Fig. 5. siCCR2 treatment prolongs survival of pancreatic islet allografts

Diabetic C57/BL/6 mice received BALB/c islets. (a) Survival curve of pancreatic islet transplants in untreated control (blue), siRNA control treated (green) and siCCR2 (black) treated recipients. Rejection was defined as the return of hyperglycemia (blood glucose level >200 mg/dl on two consecutive measurements, n = 7-10 per group). P < 0.05. (b) H&E histology of a transplanted islet from a mouse treated with siCCR2. (c) Rejected islet from a control siRNA treated mouse. The scale bar indicates 50μm.

Figure 6. Treatment with siCCR2 reduces tumor size and the number of tumor-associated macrophages (TAM)

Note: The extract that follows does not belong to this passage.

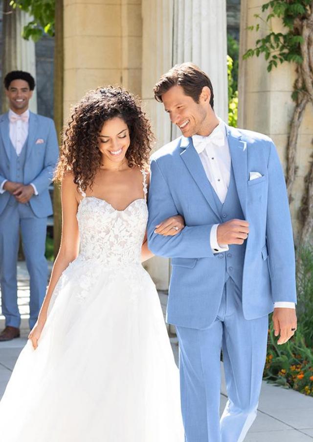 Suits are a great idea for a casual wedding, summer wedding, or just for grooms and groomsmen who don’t like tuxedos. With Baryames, you can be confident that your groomsmen will be looking their best in the suits you’ve picked out. We have many options regarding color, style, and fit so that you can pick out your perfect suit and leave the rest up to us. We’ll get all the groomsmen fitted for their suits and make sure the groom looks perfect in his wedding suit before he leaves the store.

(a) Tumor size measured by X-ray CT. Representative images from mice on day 10 after implantation of EL4-tumors (n = 7 per group). Top row displays cohort treated with control siRNA (siCON), bottom row shows siCCR2 treatment. The three-dimensional CT reconstruction shows tumor in red pseudocolor. (b) FACS analysis of tumors with monocyte/macrophage gate (blue) after treatment with control siRNA (top) or siCCR2 (n = 5 per group). (c-e) Immunohistochemical evaluation of tumors for myeloid cells (c, CD11b), vascular endothelial growth factor (d, VEGF) and vessel density (e, CD31). The scale bar indicates 50μm. Mean ± SD, * P < 0.05, n = 7 per group.